There are many ways to do this and after researching various cross-compilation options and a place to store built binaries I settled on Goxc for compilation and Bintray to store the final binaries and packages.

Here’s how to quickly setup your Golang project to build and easily deploy binaries.

1. Setting up Bintray

Bintray allows developers to store, publish, download, promote, and distribute software with advanced features that fully automate the software distribution process.

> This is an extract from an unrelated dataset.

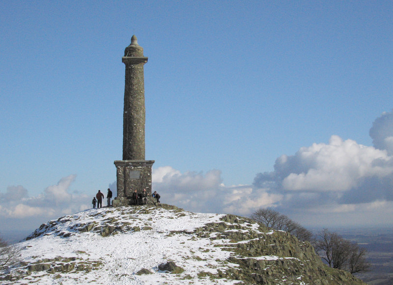 Snow at Rodney's Pillar (365m) Rodney's Pillar was built in 1781/82 to commemorate the victory of Admiral Rodney over the French in the West Indies by ships built of Powysland Oaks. As you can see it has a bit of a lean to the right (South East)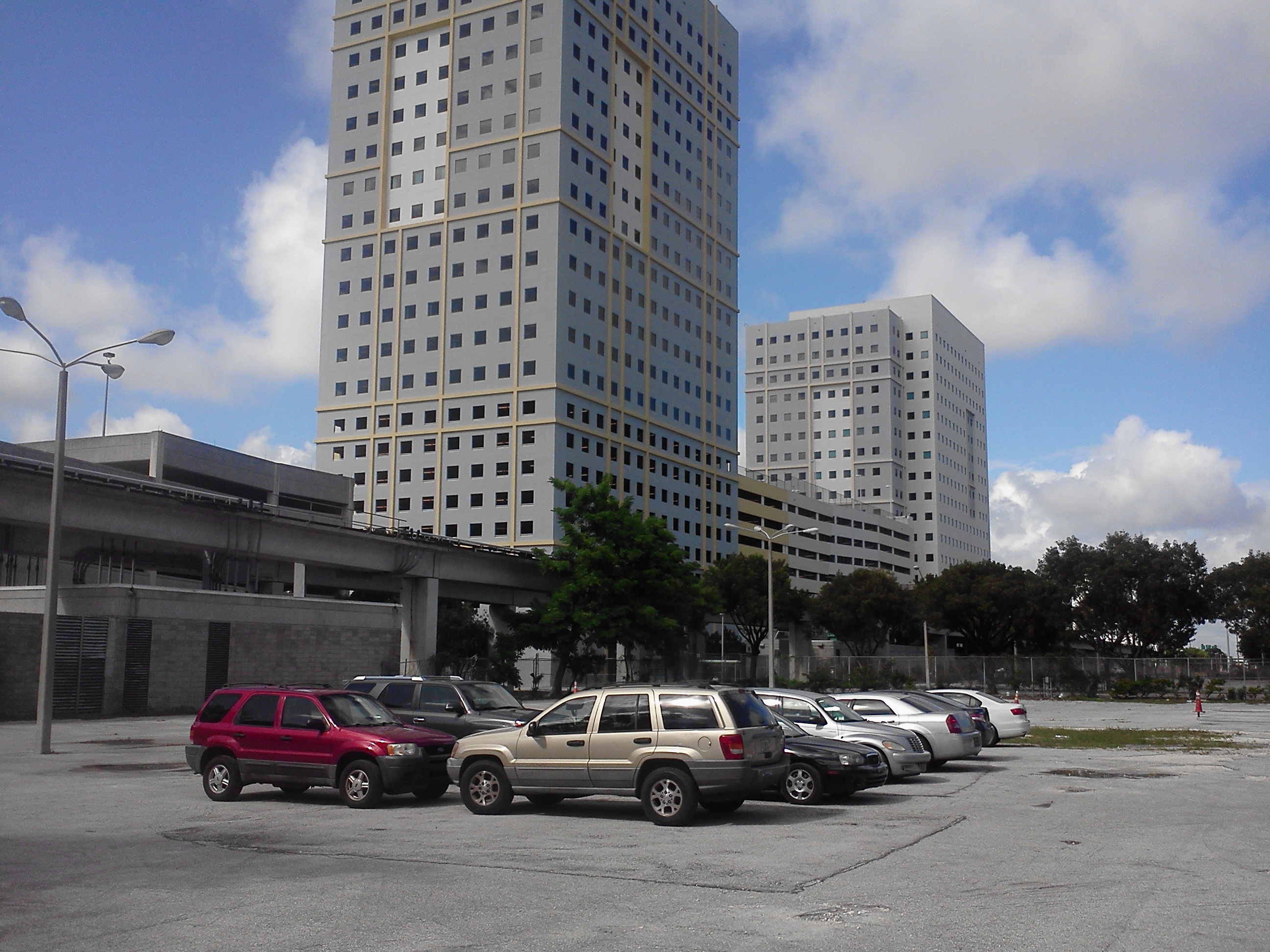 Headquarters of MDT at 701 NW 1 court, Overtown Metrorail station.

  1. If you don’t have an account already you can sign up for free here.
  2. Once you have signed in or created an account you will want to create a generic repository that categories your project. For example if the project it orientated towards Docker you could call your repository “docker”.
  3. Click into your newly created or existing repository and create a new package.  This should ideally be the project name of where you’ll be publishing your binaries too.
  4. Now that you have a repository and package for your project, you’ll want to copy your API Key for the steps below.  This can be done by editing your profile and selecting the vertical tab called “API Key” as shown below.Screen Shot 2015-11-28 at 11.09.41 PM

Exporting the API Key:

The steps below will require the API Key to successfully authenticate with Bintray upon a release of new artifacts.  Copy the API Key from your bintray into your clipboard.

So the the API Key is available in the step below run the following in your current terminal:

  1. Execute: export BINTRAY_APIKEY="MYAPI_KEY" >> ~/.bash_profile
  2. Execute: source ~/.bash_profile

2. Setting up Goxc

Installing Goxc is quite easy.  This guide assumes you already have a Go environment setup.  The following will add the Goxc executable to your $GOPATH.

go get github.com/laher/goxc

Next we want to install the toolchains for all platforms. This adds support to compile against different operating systems with Goxc. This can take a few minutes to complete.

goxc -t

3. Creating the .goxc.json build file

The .goxc.json file sets up metadata for tasks within Goxc. The example below is a simplified artifact that can be tailored to quickly deploy cross platform binaries to bintray. For more advanced examples refer to the .goxc.json file within docker-volume-netshare which also adds sysinit scripts for debian based packages.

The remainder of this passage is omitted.